- **YOUR TASK**
Retype each line below precisely and omit all images.

___ MATERIAL SHOWN

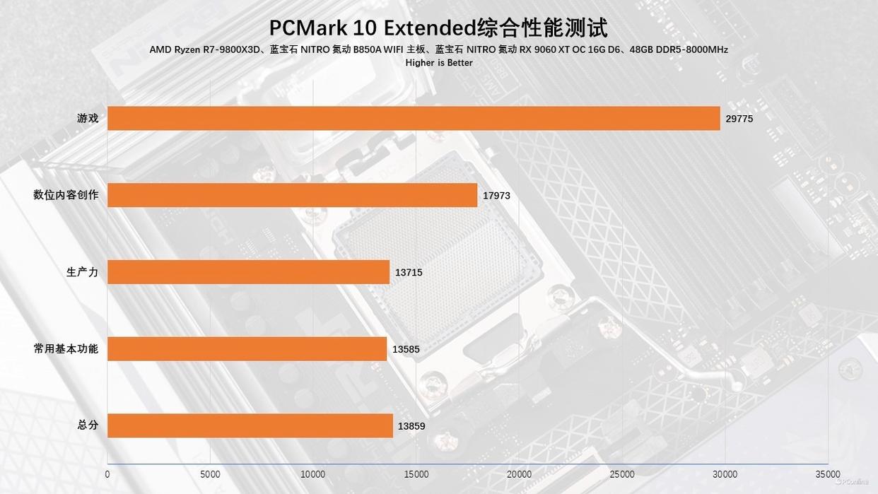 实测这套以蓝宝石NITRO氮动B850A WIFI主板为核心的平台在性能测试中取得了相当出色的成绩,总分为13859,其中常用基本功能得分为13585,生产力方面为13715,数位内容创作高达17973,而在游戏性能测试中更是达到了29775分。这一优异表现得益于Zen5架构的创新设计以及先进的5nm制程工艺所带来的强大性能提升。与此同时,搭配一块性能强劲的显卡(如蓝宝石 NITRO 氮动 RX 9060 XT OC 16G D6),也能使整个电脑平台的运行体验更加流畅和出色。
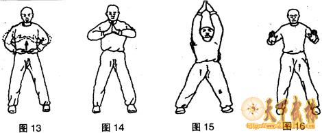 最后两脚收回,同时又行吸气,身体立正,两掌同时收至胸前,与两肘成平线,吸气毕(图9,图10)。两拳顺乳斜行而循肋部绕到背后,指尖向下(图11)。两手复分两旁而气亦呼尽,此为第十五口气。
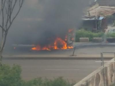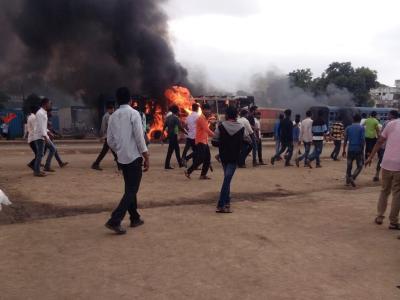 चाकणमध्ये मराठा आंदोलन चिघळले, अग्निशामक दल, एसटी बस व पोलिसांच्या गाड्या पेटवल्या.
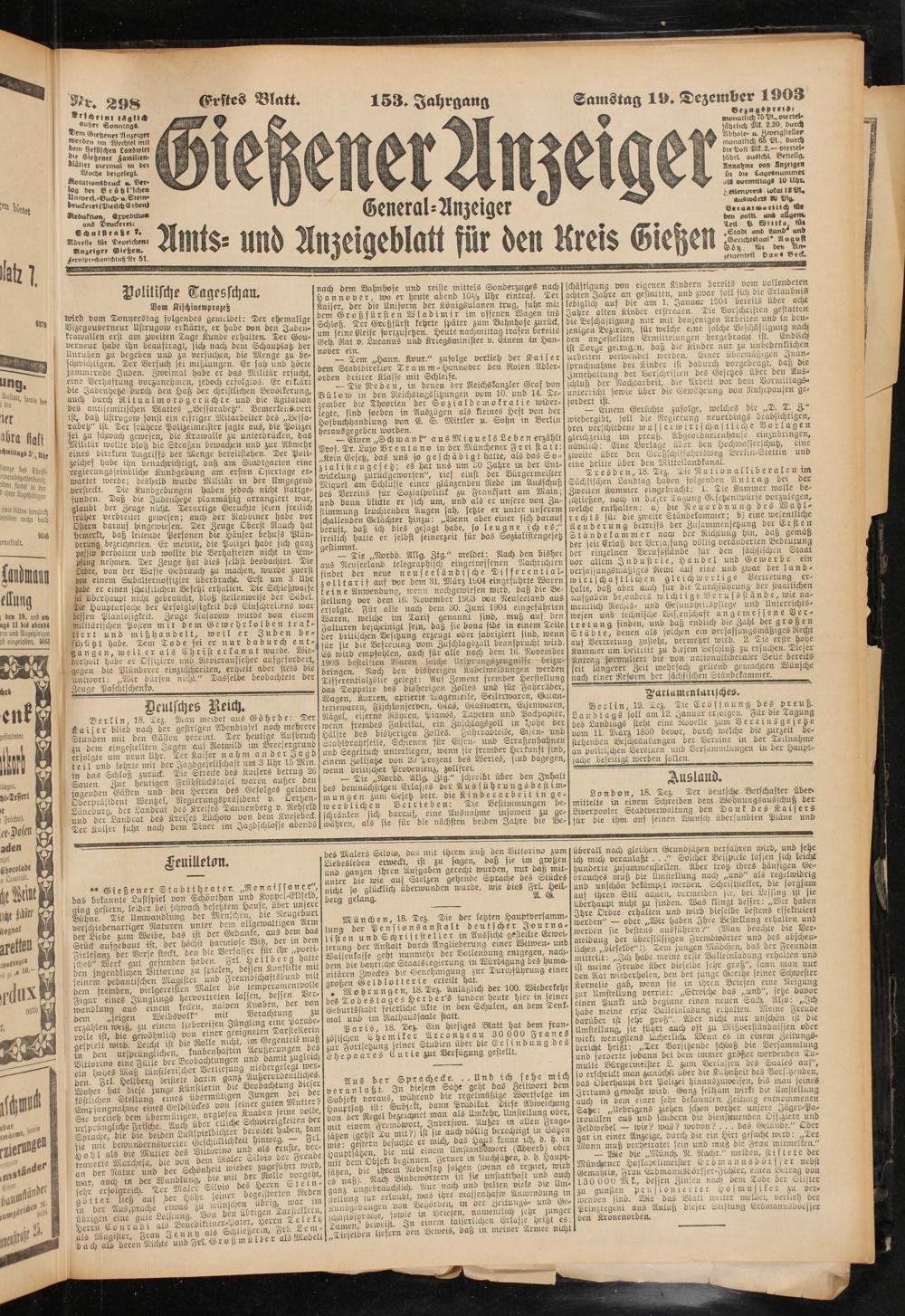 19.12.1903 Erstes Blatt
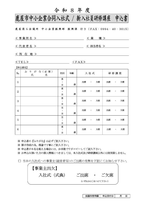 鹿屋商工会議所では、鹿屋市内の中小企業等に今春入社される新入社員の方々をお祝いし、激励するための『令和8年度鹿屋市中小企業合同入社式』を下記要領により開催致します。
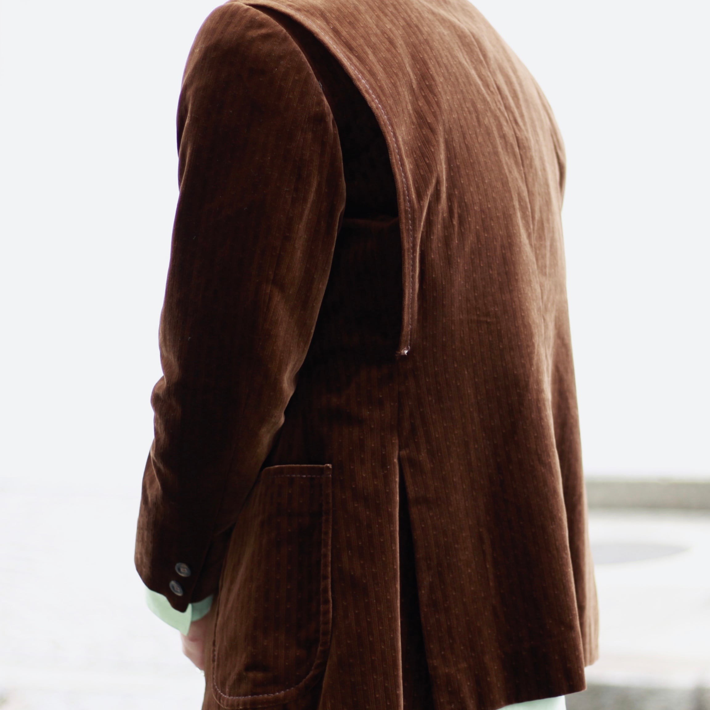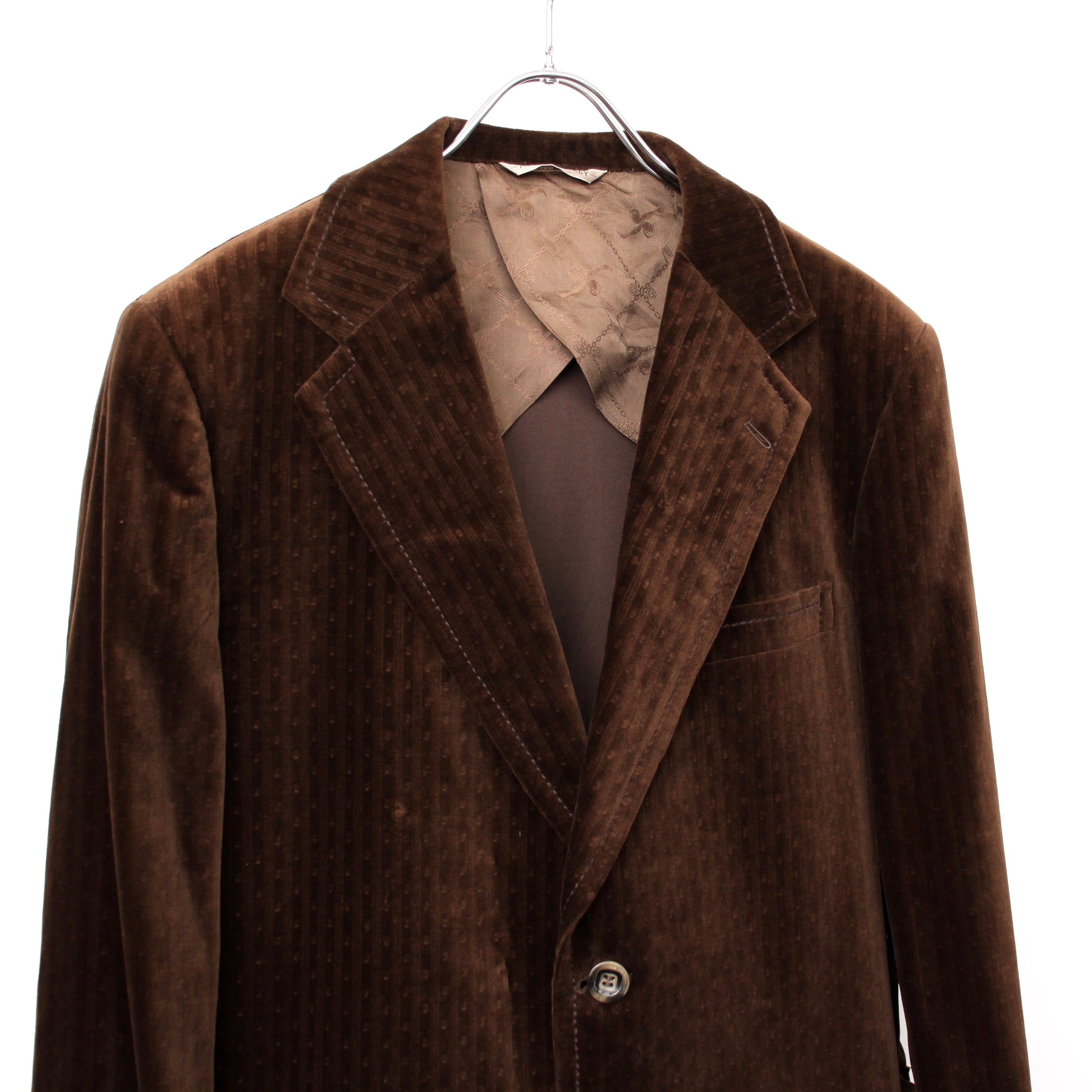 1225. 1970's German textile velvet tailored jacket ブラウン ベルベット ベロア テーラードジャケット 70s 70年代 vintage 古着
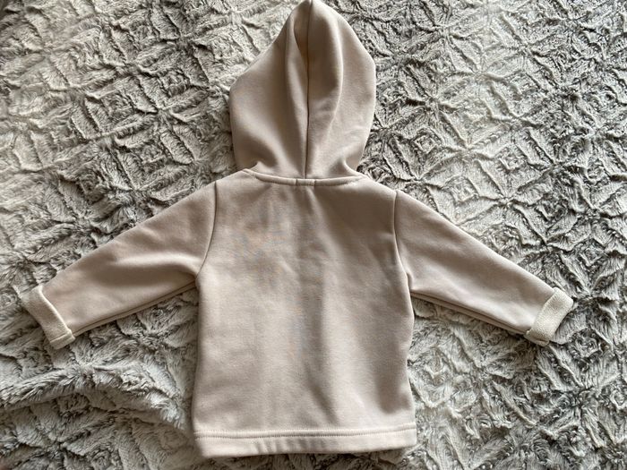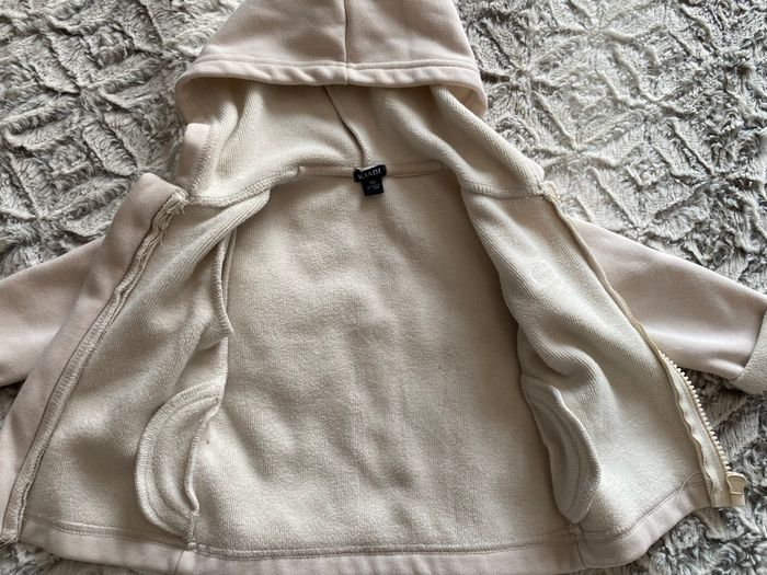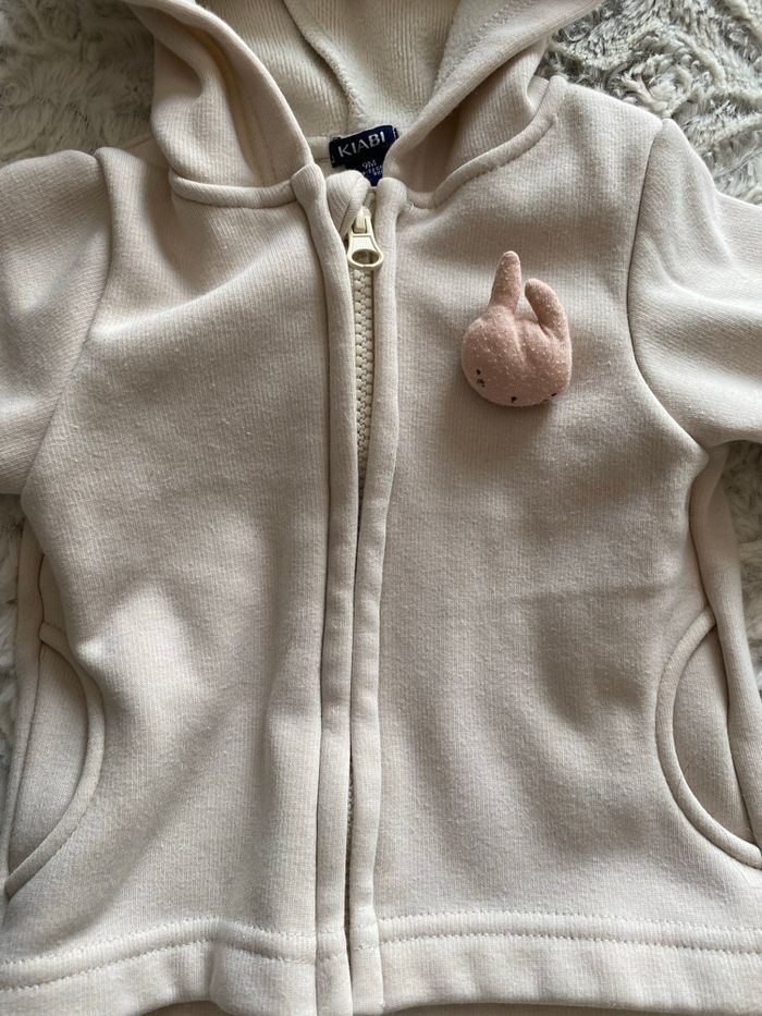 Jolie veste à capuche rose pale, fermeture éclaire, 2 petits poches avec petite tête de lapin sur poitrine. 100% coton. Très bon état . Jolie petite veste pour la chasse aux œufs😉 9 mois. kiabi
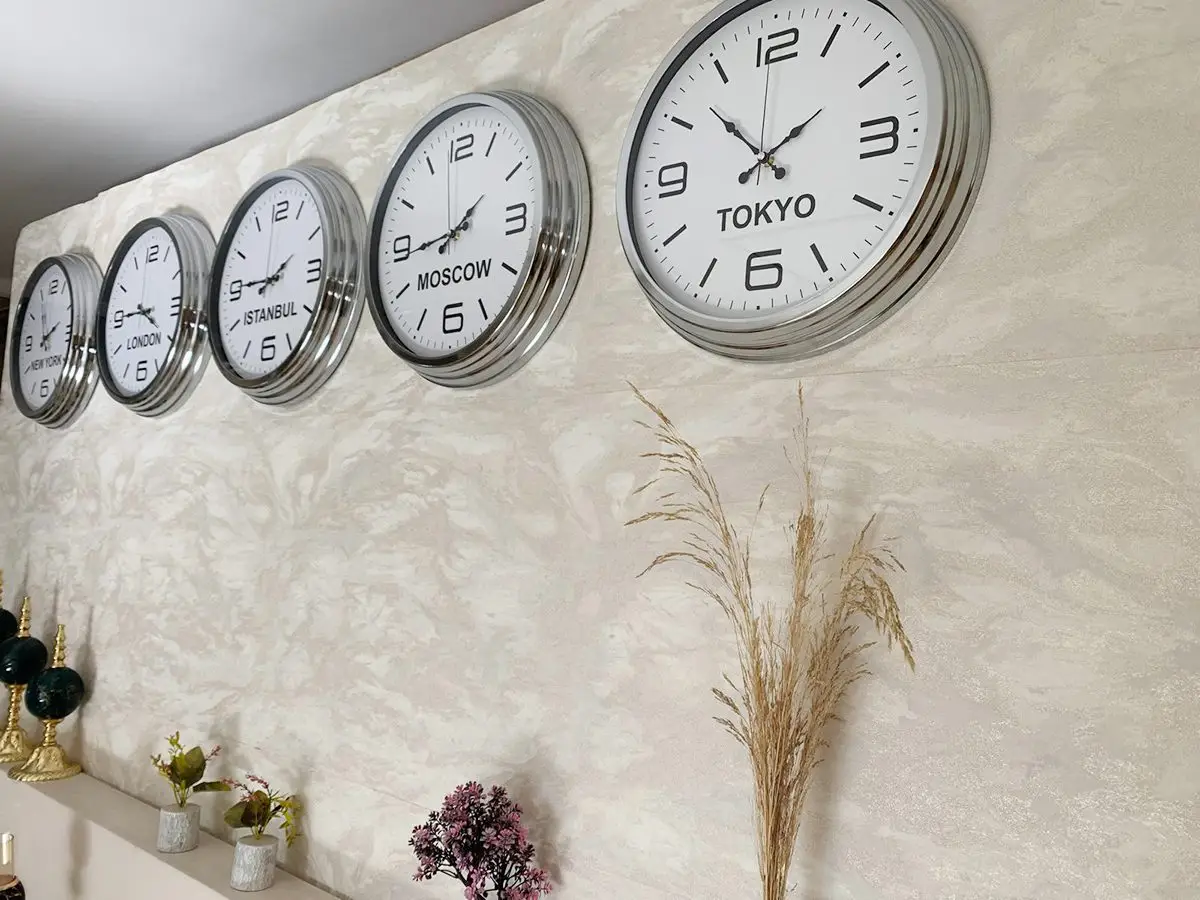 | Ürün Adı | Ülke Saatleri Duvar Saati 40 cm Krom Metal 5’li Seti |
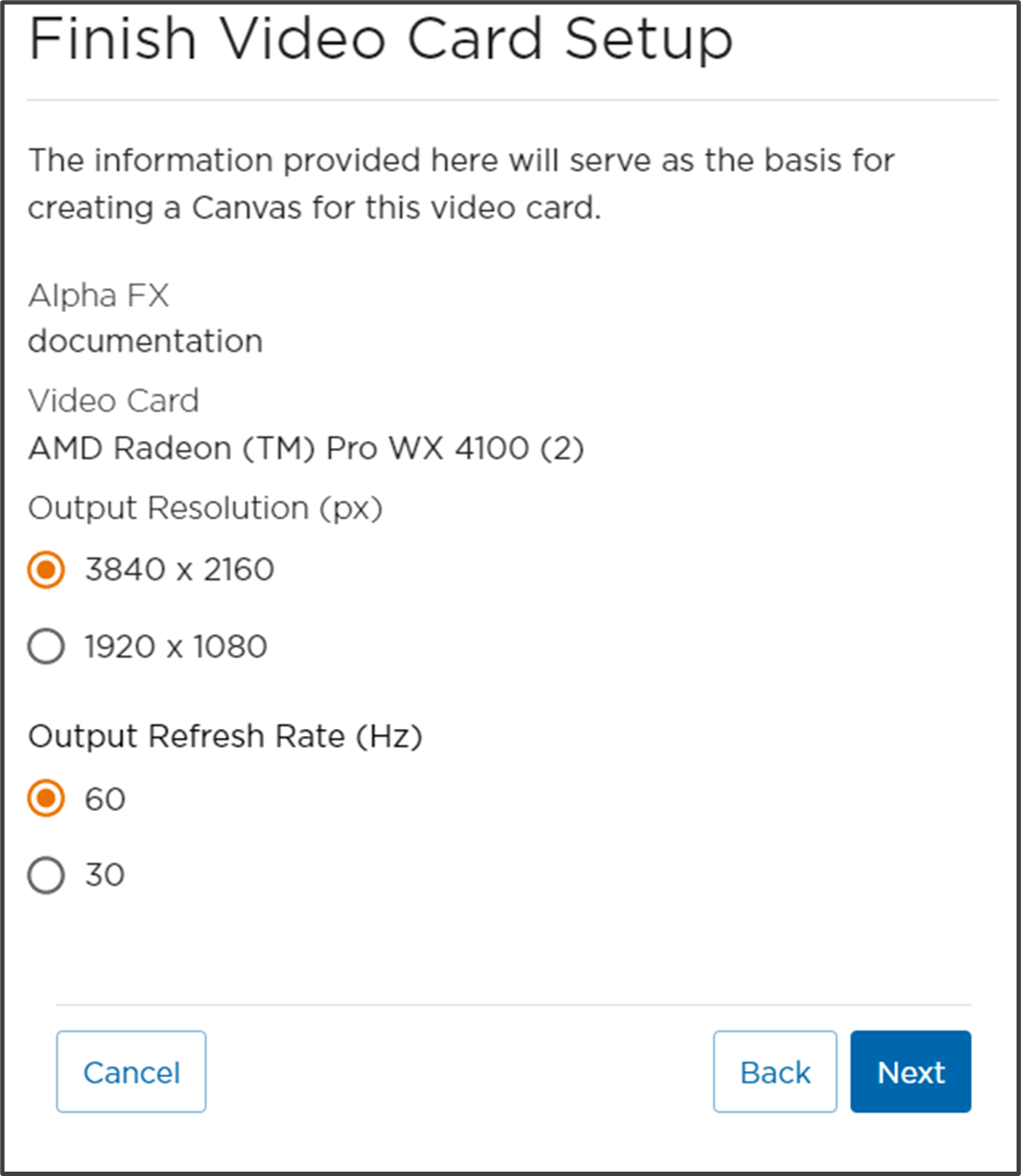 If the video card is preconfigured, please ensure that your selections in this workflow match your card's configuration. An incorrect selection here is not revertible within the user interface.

______

- **EXERCISE OUTPUT**
 实测这套以蓝宝石NITRO氮动B850A WIFI主板为核心的平台在性能测试中取得了相当出色的成绩,总分为13859,其中常用基本功能得分为13585,生产力方面为13715,数位内容创作高达17973,而在游戏性能测试中更是达到了29775分。这一优异表现得益于Zen5架构的创新设计以及先进的5nm制程工艺所带来的强大性能提升。与此同时,搭配一块性能强劲的显卡(如蓝宝石 NITRO 氮动 RX 9060 XT OC 16G D6),也能使整个电脑平台的运行体验更加流畅和出色。
 最后两脚收回,同时又行吸气,身体立正,两掌同时收至胸前,与两肘成平线,吸气毕(图9,图10)。两拳顺乳斜行而循肋部绕到背后,指尖向下(图11)。两手复分两旁而气亦呼尽,此为第十五口气。
 चाकणमध्ये मराठा आंदोलन चिघळले, अग्निशामक दल, एसटी बस व पोलिसांच्या गाड्या पेटवल्या.
 19.12.1903 Erstes Blatt
 鹿屋商工会議所では、鹿屋市内の中小企業等に今春入社される新入社員の方々をお祝いし、激励するための『令和8年度鹿屋市中小企業合同入社式』を下記要領により開催致します。
 1225. 1970's German textile velvet tailored jacket ブラウン ベルベット ベロア テーラードジャケット 70s 70年代 vintage 古着
 Jolie veste à capuche rose pale, fermeture éclaire, 2 petits poches avec petite tête de lapin sur poitrine. 100% coton. Très bon état . Jolie petite veste pour la chasse aux œufs😉 9 mois. kiabi
 | Ürün Adı | Ülke Saatleri Duvar Saati 40 cm Krom Metal 5’li Seti |
 If the video card is preconfigured, please ensure that your selections in this workflow match your card's configuration. An incorrect selection here is not revertible within the user interface.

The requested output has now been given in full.